Reputation: 189
I have a DataFrame(df) in pyspark, by reading from a hive table:
df=spark.sql('select * from <table_name>')
+++++++++++++++++++++++++++++++++++++++++++
| Name | URL visited |
+++++++++++++++++++++++++++++++++++++++++++
| person1 | [google,msn,yahoo] |
| person2 | [fb.com,airbnb,wired.com] |
| person3 | [fb.com,google.com] |
+++++++++++++++++++++++++++++++++++++++++++
When i tried the following, got an error
df_dict = dict(zip(df['name'],df['url']))
"TypeError: zip argument #1 must support iteration."

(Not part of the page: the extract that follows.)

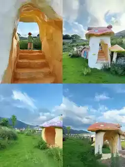 Here, you’ll find a dreamy Hobbit mushroom house built on terraced fields 🍄.

type(df.name) is of 'pyspark.sql.column.Column'
How do i create a dictionary like the following, which can be iterated later on
{'person1':'google','msn','yahoo'}
{'person2':'fb.com','airbnb','wired.com'}
{'person3':'fb.com','google.com'}
Appreciate your thoughts and help.
Upvotes: 17
Views: 59531
Reputation: 2636
How about using the pyspark Row.as_Dict()
method? This is part of the dataframe API (which I understand is the "recommended" API at time of writing) and would not require you to use the RDD API at all.
df_list_of_dict = [row.asDict() for row in df.collect()]
type(df_list_of_dict), type(df_list_of_dict[0])
#(<class 'list'>, <class 'dict'>)
df_list_of_dict
#[{'person1': ['google','msn','yahoo']},
# {'person2': ['fb.com','airbnb','wired.com']},
# {'person3': ['fb.com','google.com']}]
Upvotes: 22
Reputation: 385
Given:
+++++++++++++++++++++++++++++++++++++++++++
| Name | URL visited |
+++++++++++++++++++++++++++++++++++++++++++
| person1 | [google,msn,yahoo] |
| person2 | [fb.com,airbnb,wired.com] |
| person3 | [fb.com,google.com] |
+++++++++++++++++++++++++++++++++++++++++++
This should work:
df_dict = df \
.rdd \
.map(lambda row: {row[0]: row[1]}) \
.collect()
df_dict
#[{'person1': ['google','msn','yahoo']},
# {'person2': ['fb.com','airbnb','wired.com']},
# {'person3': ['fb.com','google.com']}]
This way you just collect after processing.
Please, let me know if that works for you :)
Upvotes: 3
Reputation: 716
I think you can try row.asDict()
, this code run directly on the executor, and you don't have to collect the data on driver.
Something like:
df.rdd.map(lambda row: row.asDict())
Upvotes: 26
Reputation: 43504
If you wanted your results in a python dictionary, you could use collect()
1 to bring the data into local memory and then massage the output as desired.
First collect the data:
df_dict = df.collect()
#[Row(Name=u'person1', URL visited=[u'google', u'msn,yahoo']),
# Row(Name=u'person2', URL visited=[u'fb.com', u'airbnb', u'wired.com']),
# Row(Name=u'person3', URL visited=[u'fb.com', u'google.com'])]
This returns a list of pyspark.sql.Row
objects. You can easily convert this to a list of dict
s:
df_dict = [{r['Name']: r['URL visited']} for r in df_dict]
#[{u'person1': [u'google', u'msn,yahoo']},
# {u'person2': [u'fb.com', u'airbnb', u'wired.com']},
# {u'person3': [u'fb.com', u'google.com']}]
1 Be advised that for large data sets, this operation can be slow and potentially fail with an Out of Memory error. You should consider if this is what you really want to do first as you will lose the parallelization benefits of spark by bringing the data into local memory.
Upvotes: 7